Many of the states have passed legislation purporting to restrict a patent owner’s right to make accusations of infringement. Some of these statutes seem to be of questionable validity, but we will have to wait for a determination. In State of Vermont v, MPHJ Technology Investments, LLC, [2015-1310] (September 28, 2015), the Federal Circuit affirmed the district court’s remand back to state Court, finding that the Vermont Bad Faith Assertions of Patent Infringement Act (“BFAPIA”) had not (yet) been raised by the state.
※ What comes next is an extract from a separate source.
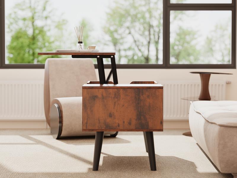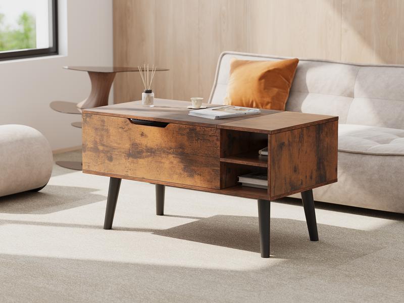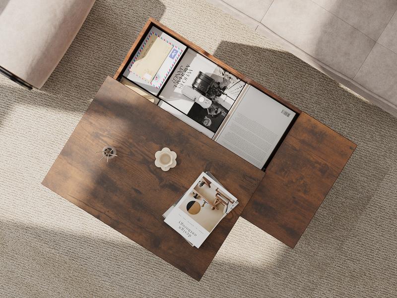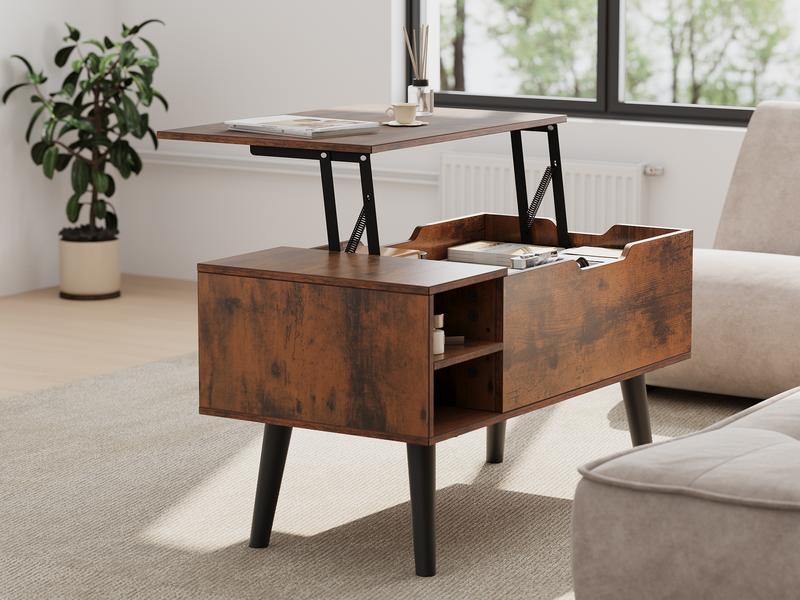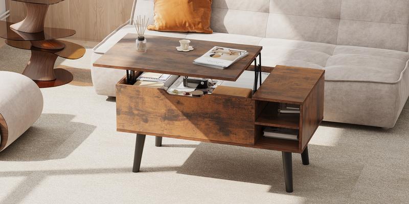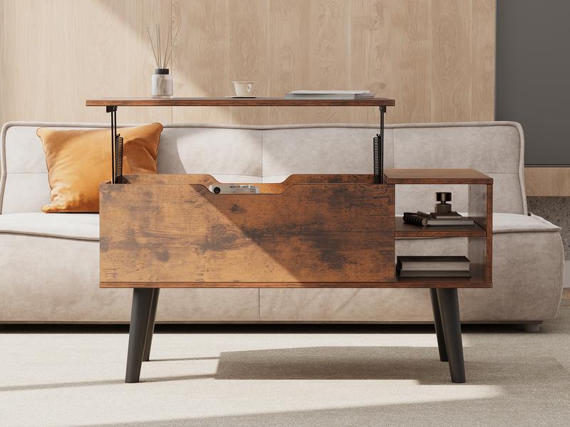 Elevate Your Home Decor with the YITAHOME Rustic Brown Adjustable Lift Top Coffee Table - Featuring Hidden Storage and Movable Divider!

The State of Vermont initiated an action under the Vermont Consumer Protection Act, 9 V.S.A. § 2453(a) for unfair trade practices and deceptive trade practices arising from MPHJ’s conduct in sending patent infringement warnings in the State of Vermont. The district court found that Vermont was not seeking an injunction that requires MPHJ’s compliance with the Vermont Bad Faith Assertions of Patent Infringement Act (“BFAPIA”), 9 V.S.A. §§ 4195–99.. Given this conclusion, the Federal Circuit agreed that if the State
prevails on the merits in state court, it may not seek an injunction requiring MPHJ to comply with the BFAPIA. The Federal Circuit found that because MPHJ relies
on the BFAPIA as its basis for removal under § 1442(a)(2), the necessary consequence of our decision is that we find no grounds for removal to federal court.